Entretien avec Erige Sehiri, réalisatrice de "La Voie normale"

Le documentaire "La Voie normale" d'Erige Sehiri en compétition au 40e festival Cinemed de Montpellier a reçu la mention spéciale du jury (composé de la productrice Janja Kralj, du cinéaste Hassen Ferhani et du présent critique Cédric Lépine) en octobre 2018. Une sortie en Tunisie du film est prévue pour février 2019.

Erige Sehiri © DR Erige Sehiri © DR

 

En Tunisie, la Voie normale est la seule ligne de chemin de fer qui respecte les normes internationales. C'est aussi la ligne la plus délaissée par la compagnie de chemins de fer, orgueil de la nation. Les cheminots Ahmed, Afef, Issam, Abee et Najib sont les acteurs attentifs et engagés qui voient dans leur travail le portrait de la Tunisie post-révolutionnaire.
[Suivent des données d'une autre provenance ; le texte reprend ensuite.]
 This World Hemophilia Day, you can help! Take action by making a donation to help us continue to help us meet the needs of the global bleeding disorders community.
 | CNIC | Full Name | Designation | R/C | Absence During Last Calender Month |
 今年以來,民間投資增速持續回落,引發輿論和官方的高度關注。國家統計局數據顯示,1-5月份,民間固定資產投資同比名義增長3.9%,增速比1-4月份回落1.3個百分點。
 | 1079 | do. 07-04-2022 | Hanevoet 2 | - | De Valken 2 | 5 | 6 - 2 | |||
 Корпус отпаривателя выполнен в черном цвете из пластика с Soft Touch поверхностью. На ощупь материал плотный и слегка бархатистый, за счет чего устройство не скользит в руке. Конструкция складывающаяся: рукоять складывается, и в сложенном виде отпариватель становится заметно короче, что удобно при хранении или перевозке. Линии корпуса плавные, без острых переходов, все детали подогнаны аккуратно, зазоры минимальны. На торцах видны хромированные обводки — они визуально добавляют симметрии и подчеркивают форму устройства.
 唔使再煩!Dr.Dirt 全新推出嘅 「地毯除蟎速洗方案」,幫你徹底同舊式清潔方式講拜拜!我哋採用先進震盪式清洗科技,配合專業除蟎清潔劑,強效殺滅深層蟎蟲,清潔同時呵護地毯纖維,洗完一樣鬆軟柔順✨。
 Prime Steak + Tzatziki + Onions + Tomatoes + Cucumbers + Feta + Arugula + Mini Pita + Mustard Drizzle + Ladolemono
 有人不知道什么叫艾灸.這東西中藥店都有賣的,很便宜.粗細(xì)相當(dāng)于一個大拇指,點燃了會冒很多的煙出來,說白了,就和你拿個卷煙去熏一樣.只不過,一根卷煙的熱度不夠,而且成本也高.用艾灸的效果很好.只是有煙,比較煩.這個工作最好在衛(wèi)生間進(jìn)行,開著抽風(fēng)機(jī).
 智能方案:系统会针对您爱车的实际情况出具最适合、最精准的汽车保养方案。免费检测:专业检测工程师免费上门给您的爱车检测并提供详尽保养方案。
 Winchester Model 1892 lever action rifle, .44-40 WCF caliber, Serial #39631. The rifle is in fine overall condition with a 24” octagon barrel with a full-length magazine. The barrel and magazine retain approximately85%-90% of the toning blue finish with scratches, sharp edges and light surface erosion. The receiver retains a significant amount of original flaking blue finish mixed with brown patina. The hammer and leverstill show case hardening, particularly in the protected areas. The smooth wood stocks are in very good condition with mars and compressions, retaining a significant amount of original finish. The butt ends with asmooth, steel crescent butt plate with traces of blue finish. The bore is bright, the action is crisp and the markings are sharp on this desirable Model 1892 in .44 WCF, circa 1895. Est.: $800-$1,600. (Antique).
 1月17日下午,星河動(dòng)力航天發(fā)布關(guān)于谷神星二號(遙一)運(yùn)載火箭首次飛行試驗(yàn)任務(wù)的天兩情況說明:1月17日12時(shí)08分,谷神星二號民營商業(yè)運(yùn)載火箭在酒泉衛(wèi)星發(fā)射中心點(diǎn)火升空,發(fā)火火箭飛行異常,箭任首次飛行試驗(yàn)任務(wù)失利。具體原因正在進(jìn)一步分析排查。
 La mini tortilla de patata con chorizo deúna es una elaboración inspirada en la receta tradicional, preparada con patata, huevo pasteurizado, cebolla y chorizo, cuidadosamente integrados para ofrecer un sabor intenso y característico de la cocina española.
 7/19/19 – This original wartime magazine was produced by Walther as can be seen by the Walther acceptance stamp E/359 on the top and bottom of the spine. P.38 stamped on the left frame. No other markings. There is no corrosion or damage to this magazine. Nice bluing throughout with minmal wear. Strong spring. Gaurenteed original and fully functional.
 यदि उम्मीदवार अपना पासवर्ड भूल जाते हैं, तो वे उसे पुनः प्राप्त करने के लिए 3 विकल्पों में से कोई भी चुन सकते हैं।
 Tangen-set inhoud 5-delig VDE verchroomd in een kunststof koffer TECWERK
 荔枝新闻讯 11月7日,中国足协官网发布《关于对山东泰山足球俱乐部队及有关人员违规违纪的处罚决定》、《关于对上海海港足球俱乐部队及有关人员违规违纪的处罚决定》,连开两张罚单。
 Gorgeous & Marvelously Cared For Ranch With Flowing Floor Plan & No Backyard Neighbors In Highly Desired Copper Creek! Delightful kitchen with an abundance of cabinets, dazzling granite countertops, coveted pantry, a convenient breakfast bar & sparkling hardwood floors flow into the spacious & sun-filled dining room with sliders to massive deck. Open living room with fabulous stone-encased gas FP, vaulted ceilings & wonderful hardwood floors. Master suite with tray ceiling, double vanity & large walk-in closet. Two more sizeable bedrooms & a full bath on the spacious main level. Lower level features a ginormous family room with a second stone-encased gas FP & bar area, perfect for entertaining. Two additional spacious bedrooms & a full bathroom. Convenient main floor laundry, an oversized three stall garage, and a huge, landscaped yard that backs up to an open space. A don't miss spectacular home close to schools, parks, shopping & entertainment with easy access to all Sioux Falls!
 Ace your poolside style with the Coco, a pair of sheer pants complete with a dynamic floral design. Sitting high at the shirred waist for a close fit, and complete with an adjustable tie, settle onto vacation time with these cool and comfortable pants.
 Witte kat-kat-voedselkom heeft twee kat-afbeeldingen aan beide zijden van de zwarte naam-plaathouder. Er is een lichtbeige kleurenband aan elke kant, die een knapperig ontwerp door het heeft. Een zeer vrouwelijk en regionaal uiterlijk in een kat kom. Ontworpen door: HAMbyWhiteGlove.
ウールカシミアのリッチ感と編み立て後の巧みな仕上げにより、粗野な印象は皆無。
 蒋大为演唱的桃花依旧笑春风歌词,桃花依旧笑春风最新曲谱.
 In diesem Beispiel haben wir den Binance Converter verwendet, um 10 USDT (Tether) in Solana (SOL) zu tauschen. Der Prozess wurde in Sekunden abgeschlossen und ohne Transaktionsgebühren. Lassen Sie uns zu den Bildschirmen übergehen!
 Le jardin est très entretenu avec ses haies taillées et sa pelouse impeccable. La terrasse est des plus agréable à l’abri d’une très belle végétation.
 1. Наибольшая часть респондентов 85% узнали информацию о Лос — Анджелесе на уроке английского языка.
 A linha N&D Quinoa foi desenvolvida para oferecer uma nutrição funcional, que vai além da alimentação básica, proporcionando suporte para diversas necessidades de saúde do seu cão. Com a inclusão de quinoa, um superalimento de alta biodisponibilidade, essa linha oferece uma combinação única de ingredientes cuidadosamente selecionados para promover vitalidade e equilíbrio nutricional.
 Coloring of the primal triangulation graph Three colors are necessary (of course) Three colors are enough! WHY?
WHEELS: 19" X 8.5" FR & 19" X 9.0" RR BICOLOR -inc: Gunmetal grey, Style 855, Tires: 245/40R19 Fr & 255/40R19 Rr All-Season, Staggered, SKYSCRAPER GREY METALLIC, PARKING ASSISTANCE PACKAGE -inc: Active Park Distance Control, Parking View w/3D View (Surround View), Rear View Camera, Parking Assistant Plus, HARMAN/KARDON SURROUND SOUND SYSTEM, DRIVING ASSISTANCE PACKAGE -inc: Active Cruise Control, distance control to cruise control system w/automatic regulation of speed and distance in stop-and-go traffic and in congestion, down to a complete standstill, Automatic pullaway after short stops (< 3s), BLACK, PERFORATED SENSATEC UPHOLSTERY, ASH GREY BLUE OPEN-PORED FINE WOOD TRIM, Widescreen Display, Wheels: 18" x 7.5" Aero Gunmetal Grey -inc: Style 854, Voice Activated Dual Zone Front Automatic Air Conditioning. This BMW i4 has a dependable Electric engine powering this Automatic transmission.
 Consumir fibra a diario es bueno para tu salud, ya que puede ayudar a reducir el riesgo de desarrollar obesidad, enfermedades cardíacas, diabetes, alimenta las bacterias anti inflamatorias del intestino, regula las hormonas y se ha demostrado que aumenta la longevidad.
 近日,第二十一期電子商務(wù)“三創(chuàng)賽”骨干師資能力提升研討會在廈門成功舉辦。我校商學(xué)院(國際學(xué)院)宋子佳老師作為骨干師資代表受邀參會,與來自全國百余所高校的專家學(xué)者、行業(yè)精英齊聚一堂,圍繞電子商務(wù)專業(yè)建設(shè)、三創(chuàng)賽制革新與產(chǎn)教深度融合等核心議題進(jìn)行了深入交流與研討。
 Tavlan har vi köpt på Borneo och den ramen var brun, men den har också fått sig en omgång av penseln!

Cédric Lépine : Pouvez-vous expliquer comment vous avez commencé à réaliser des films après une formation en journalisme ?
Erige Sehiri :
J'ai commencé à faire des documentaires dans une association de quartier appelée Timecode Corp aux Minguettes, banlieue de Lyon où je suis née. Je voulais alors faire du cinéma mais je n'en avais pas les moyens. J'ai réalisé D'objet à sujet, un reportage sur la Journée de la Femme où je mettais en lumière des portraits de différentes femmes engagées des quartiers populaires. C'était en 2008. Je sentais l'urgence en moi d'avoir des choses à dire et le journalisme me donnait la possibilité de m'exprimer rapidement alors que le cinéma me paraissait à ce moment là tellement inaccessible ! De fil en aiguille, j'ai travaillé et financé un autre documentaire en Palestine ; Sur le chemin de l'école où je suivais le quotidien de jeunes écoliers de Jérusalem-Est et de Bethléem séparés par un mur. En parallèle, je travaillais pour des chaînes d’informations françaises à Jérusalem. Je me suis alors très vite rendu compte que l'actualité n'était pas quelque chose qui était naturelle pour moi parce que je n'y étais pas à l'aise et que j’avais besoin de prendre mon temps avec les gens. En revanche, cela m'a formé à l'image. Puis éclate la Révolution tunisienne et je me rends à Tunis où j'y fais quelques piges en tant que journaliste. Je regarde alors un documentaire de création intitulé Fix Me du réalisateur palestinien Raed Andoni et j'éprouve une véritable révélation : je comprends que c'est exactement ce genre de documentaire de création qui m’inspire et que j’aimerai réaliser. Je le rencontre et j'apprends qu'il travaille sur un documentaire collectif sur le thème de l'identité dans le monde arabe. Je lui parle de mon projet de court métrage autour de mon père et le contexte révolutionnaire en Tunisie et il propose de me produire. À ce moment-là, je quitte complètement le journalisme d’actualité, j'entame en 2013 l'écriture de La Voie normale. Je cofonde au même moment un nouveau média intitulé Inkyfada, un média en ligne où l'on repense la manière de présenter l'information et de faire du journalisme proche d'une démarche de documentariste.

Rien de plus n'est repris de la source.